Reviewed by Klemens von Klemperer (Smith College)
Published on H-German (February, 1998)
Theodore S. Hamerow is an established scholar who has done very good work in the field of nineteenth-century Germany history. He now has ventured into the twentieth century with a study of the German Resistance against Hitler. This is a book with a distinct thesis that presents a challenge to the reader: the men who had sought to overthrow the Nazi regime regarded the Weimar Republic with the same "common hostility" that they displayed towards the Third Reich; they were preponderately antidemocrats, nationalists, and anti-semites who resisted for reasons of expediency, largely in view of impending defeat. This thesis, clearly derived from the British historian John W. Wheeler-Bennett, in itself a perfectly arguable one, is in this case hammered in with support of carefully selected but spotty and inadequate documentation.
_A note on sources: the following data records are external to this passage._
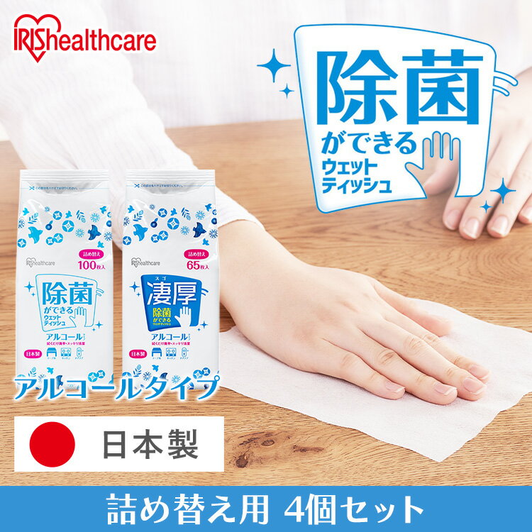 ウェットティッシュ 凄厚 アルコール詰め替え 4個セット WTT-65A4 WTT-100A4 ウェットティッシュ アルコール エタノール 除菌 除菌シート 厚手 厚め 厚み 日本製 国産 詰め替え 詰替 65枚入り 100枚入り 4個 セット アイリスオーヤマ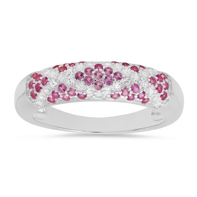 Sterling Silver Pave Pink Sapphire CZ 'X' Band Ring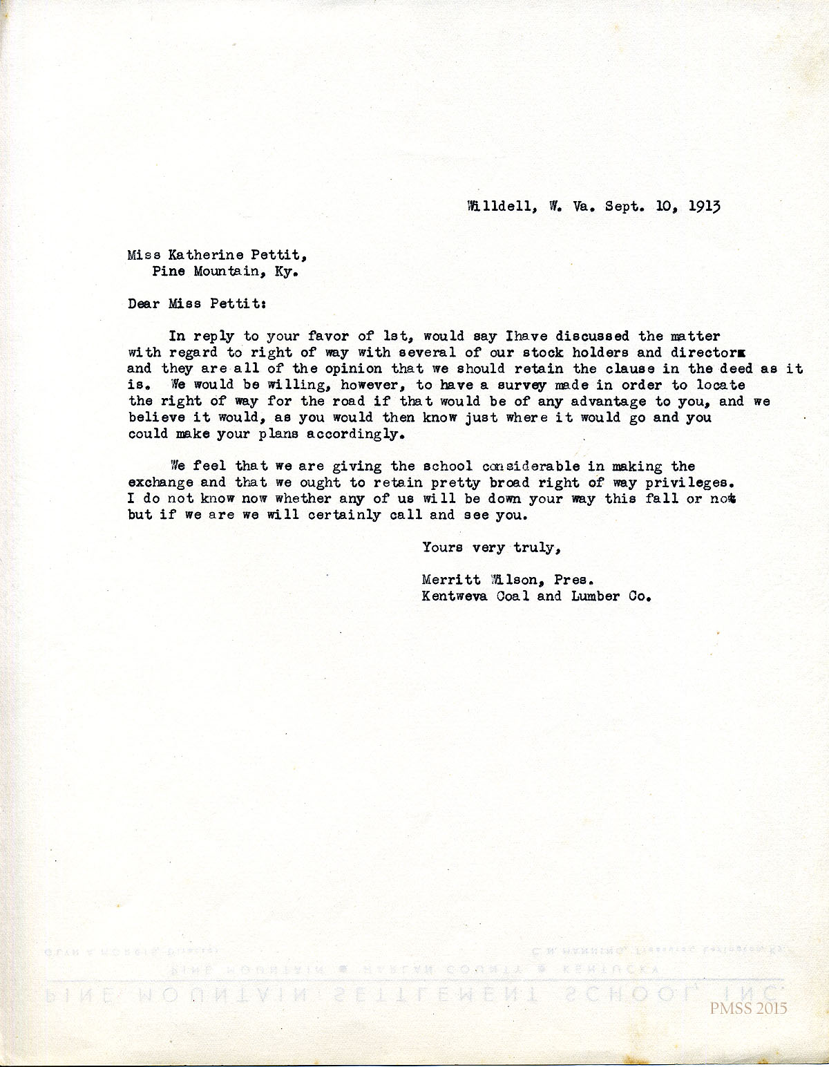 September 1, 1913. Katherine Pettit to Merritt Wilson, Kentweva Coal & Lumber Co., Wildell, W. Va. Pettit and Mr. Creech object to right-of-way clause in Kentweva’s deed. [014]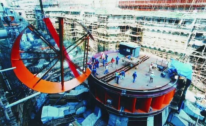 ▲三峡水电站右岸22号机组围绕座环挂装蜗壳 (资料图片)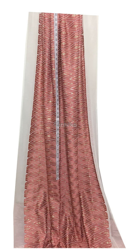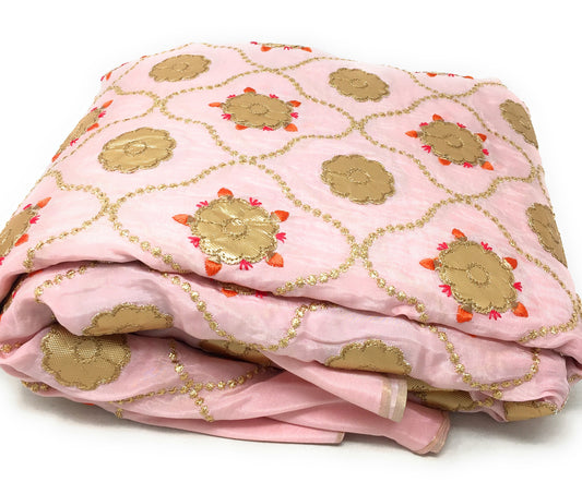 Kurti Material Blouse Fabric by meter Light Pink Chiffon Gold Sequins Embroidery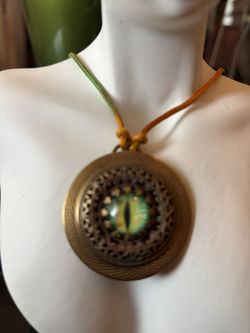 Glass Eye Over Brass Antique Items Hand Crafted By American Glass Artist G. Fone with an adjustable colorful cloth string. 2”x 1.5”$35Miami, FL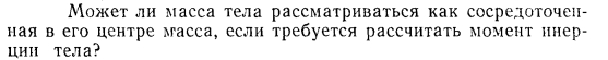 Может ли масса тела рассматриваться как сосредоточенная в его центре масса, если требуется рассчитать момент инерции тела?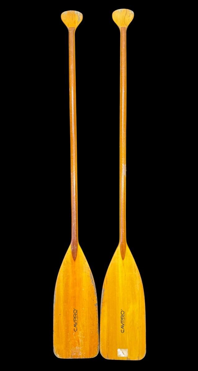 These paddles feature contrasting dark “twin stripes.” There is use related wear, but no cracks or integrity issues to note. Measurement: 58”L (each). [MA]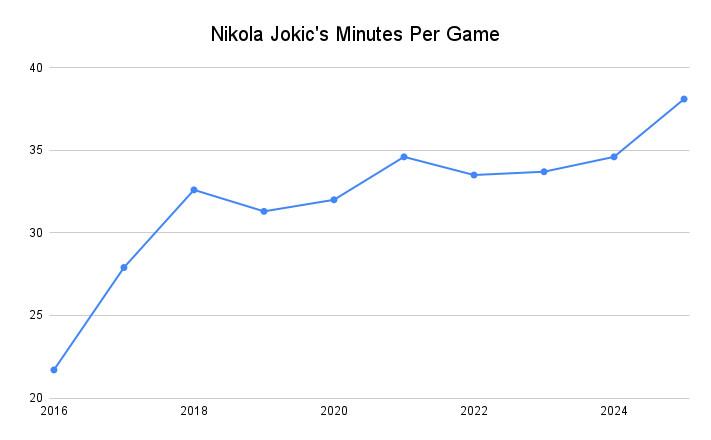 Jokic is averaging 38.2 minutes per game, which is the second-highest figure in any 10-game span of his regular-season career. Outside the playoffs, the only other stretch in which Jokic played more was the 10-game sprint to close the 2017-18 regular season, when Denver nearly surged into the playoffs but fell short in overtime against Minnesota in Game 82. Given that many of those games were de facto elimination contests, the start to the 2024-25 season represents the most Jokic has ever played in a “normal” period.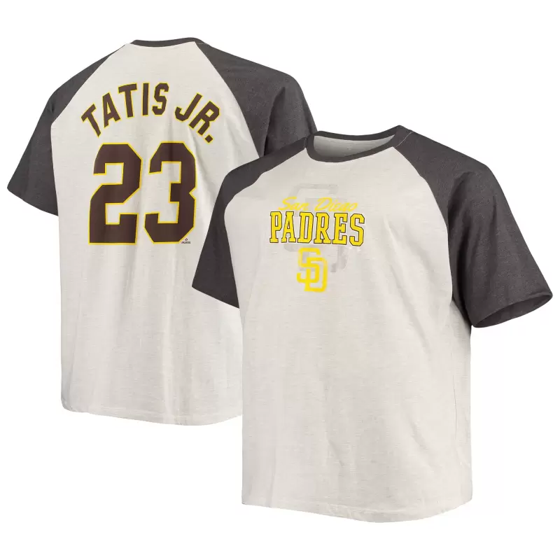 Men’s San Diego Padres Fernando Tatis Jr. Oatmeal/Heathered Charcoal Big & Tall Name & Number Raglan T-Shirt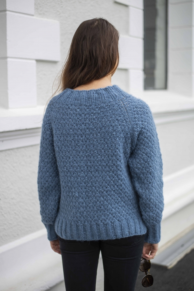 Sweater i vanedannende strukturstrik med raglan udtagninger. Trøjen strikkes oppefra og ned, og er næsten monteringsfri!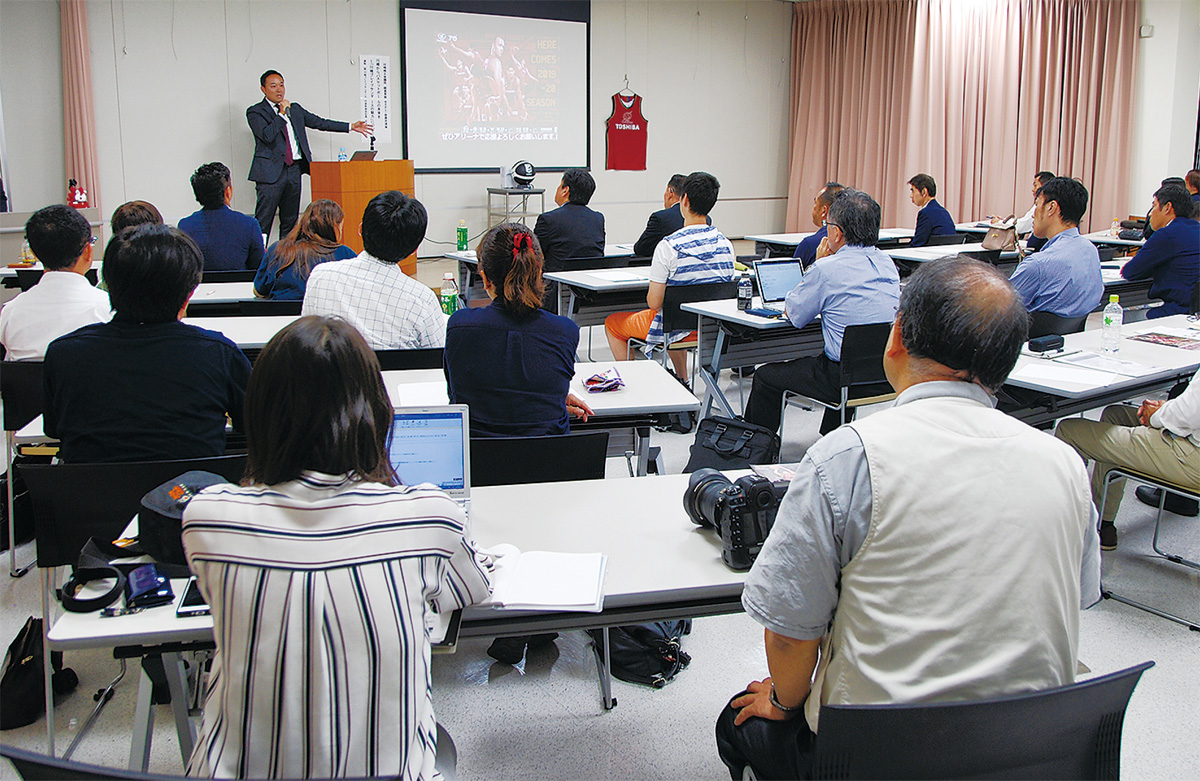 セミナーに参加した男性は「(前身の)東芝時代からみているが、観客動員が倍以上。みんなをワクワクさせるようなアイディアやパフォーマンスはさすが」と感心した様子。また昨年からチームを応援しているというコンビニ経営者は「自分の店にポスターを張って応援している。ファンが試合前に店に集まるような、応援する機運の高まりになれば」と話す。

There are real problems connected with the selectivity of sources and of the resisters with whom the author deals:
(1) Some crucial archives have not been consulted, namely the National Archives in Washington D.C. (State Department and OSS papers) from which only two documents were drawn; the FDR Library in Hyde Park, N.Y.; the FBI papers on Adam von Trott zu Solz; the J.F. and A.W. Dulles papers in Princeton, N.J.; the Helmuth James von Moltke papers in the hands of his widow Freya; the Churchill College Archive in Cambridge, England, especially the Vansittart and Christie papers; the Public Record Office, London, other than the one Goerdeler document 371/21695/C15084 (!!); the Trott papers at Balliol College, Oxford; the Lionel Curtis papers at St. Anthony's College, Oxford; the Dietrich Bonhoeffer papers now in the Staatsbibliothek, Berlin; the Trott, Gerhard Ritter and Hans Rothfels papers in the Bundesarchiv, Koblenz; the papers of the World Council of Churches in Geneva, etc., etc.
(2) Some crucial literature is missing, including Foreign Relations of the United States, the many contributions to the field by Hans Mommsen and Peter Steinbach; Michael Balfour's works on Moltke; the books by Harold C. Deutsch; my own book on the foreign relations of the Resistance; Henry O. Malone's and Christopher Sykes's biographies of Trott; Lothar Kettenacker's Das 'Andere Deutschland'; Willem A. Visser't Hooft's memoirs. Also very important would have been the papers from the International Conference on the German Resistance held in Berlin in July 1984, edited by Juergen Schmaedeke and Peter Steinbach.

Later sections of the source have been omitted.